NOTE: this toml config is a preset for 64 A100 GPUs.

[job]
dump_folder = "./outputs"
description = "Llama 3 8B training"

[profiling]
enable_profiling = true
save_traces_folder = "profile_trace"
profile_freq = 100

[metrics]
log_freq = 10
enable_tensorboard = true
save_tb_folder = "tb"

[model]
name = "llama3"
flavor = "8B"
norm_type = "rmsnorm" # layernorm / np_layernorm / rmsnorm / fused_rmsnorm
tokenizer_path = "./torchtitan/datasets/tokenizer/original/tokenizer.model"

[optimizer]
name = "AdamW"
lr = 3e-4

[training]
batch_size = 2 #1
seq_len = 256 #512 #8192
warmup_steps = 200 # lr scheduler warm up
max_norm = 1.0 # grad norm clipping
steps = 1000
data_parallel_replicate_degree = 1 #1
data_parallel_shard_degree = -1 #-1
tensor_parallel_degree = 2 #1
compile = true
dataset = "c4"

[experimental]
pipeline_parallel_degree = 1 #1
enable_async_tensor_parallel = true

[checkpoint]
enable_checkpoint = false #false
folder = "checkpoint"
interval_type = "steps"
interval = 500
model_weights_only = false
export_dtype = "bfloat16" #32
async_mode = "disabled" # ["disabled", "async", "async_with_pinned_mem"]

[activation_checkpoint]
mode = 'selective' # ['none', 'selective', 'full']
selective_ac_option = 'op' # 'int' = ac every positive int layer or 'op', ac based on ops policy

[float8]
enable_float8_linear = true
enable_fsdp_float8_all_gather = true
precompute_float8_dynamic_scale_for_fsdp = true

awgu · 2024-10-15T20:14:43Z

Maybe try to decrease the batch size from 2 to 1 first?

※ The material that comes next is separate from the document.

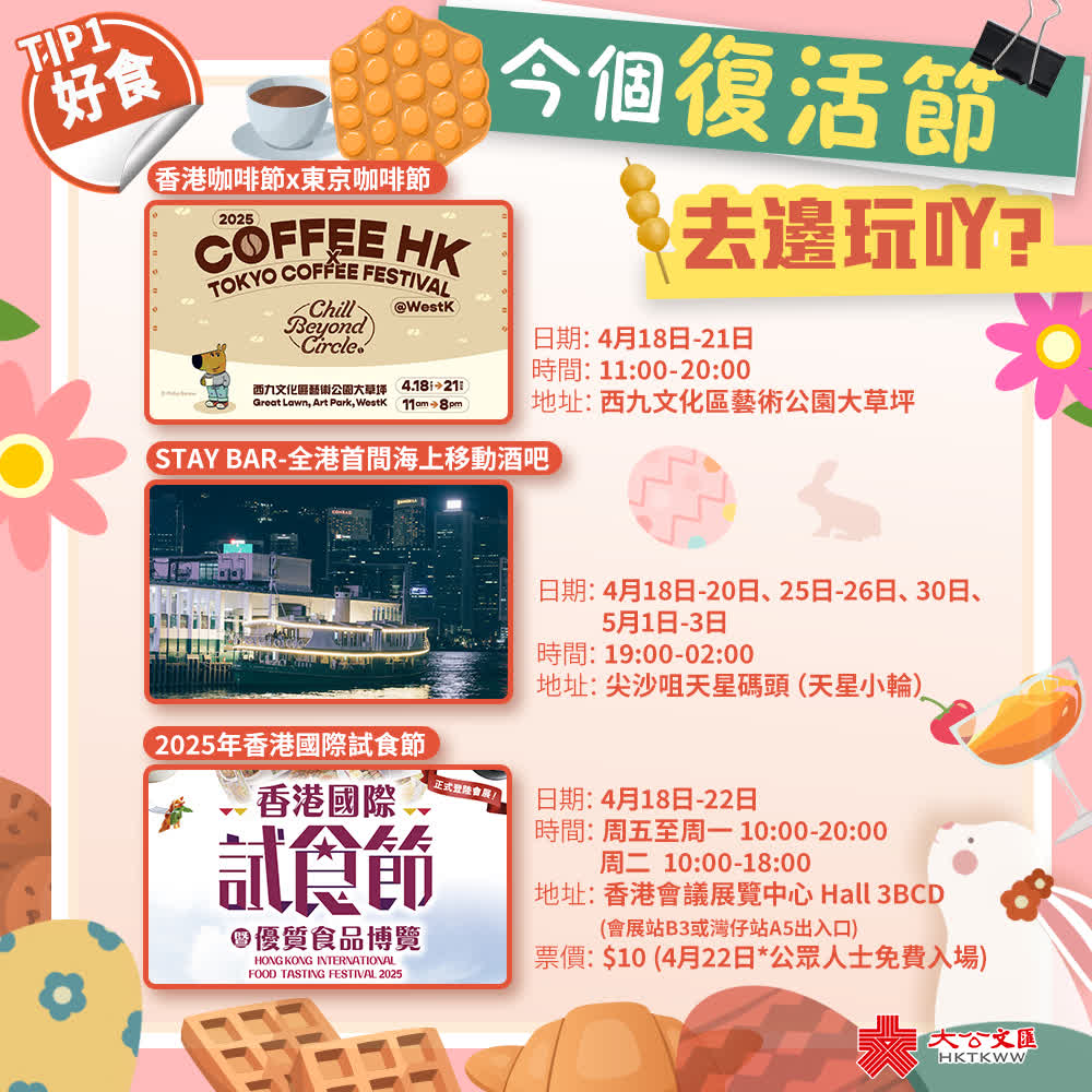 香港一連4日的復活節假期(4月18日至21日)正式開啟,你諗好去邊度玩未?大公文匯網為大家整理了復活節假期,香港多個好食、好睇、好玩的地方,助力大家過一個充滿活力與驚喜的繽紛假期!

lessw2020 · 2024-10-15T20:25:11Z

Hi @0781532 -
As @awgu noted, a first step might be to decrease the batch size to 1 but as additional step or if you are concerned about convergence due to smaller batch size:

1 - move from selective op activation checkpointing to 'full' and that should let you fit with 2 and potentially higher batch sizes without the need to offload.
i.e.

[activation_checkpoint]
mode = 'full' # ['none', 'selective', 'full']

2 - We have some experimental work that offloads the skeletal activations that remain even after running with full checkpointing and that can further reduce GPU memory with generally minor impact on perf. (roughly 10% reduction in GPU memory, 2% or so slower perf).
If lower bs and/or full AC doesn't resolve this then I can make a PR to enable you to try the offloading for AC.
Please let us know how it goes!

0781532 · 2024-10-16T03:58:56Z

Hi @lessw2020 ,

Thank you for your quick reply.

I still got the same error OOM when using your suggestion (batch_size = 1, or mode = 'full).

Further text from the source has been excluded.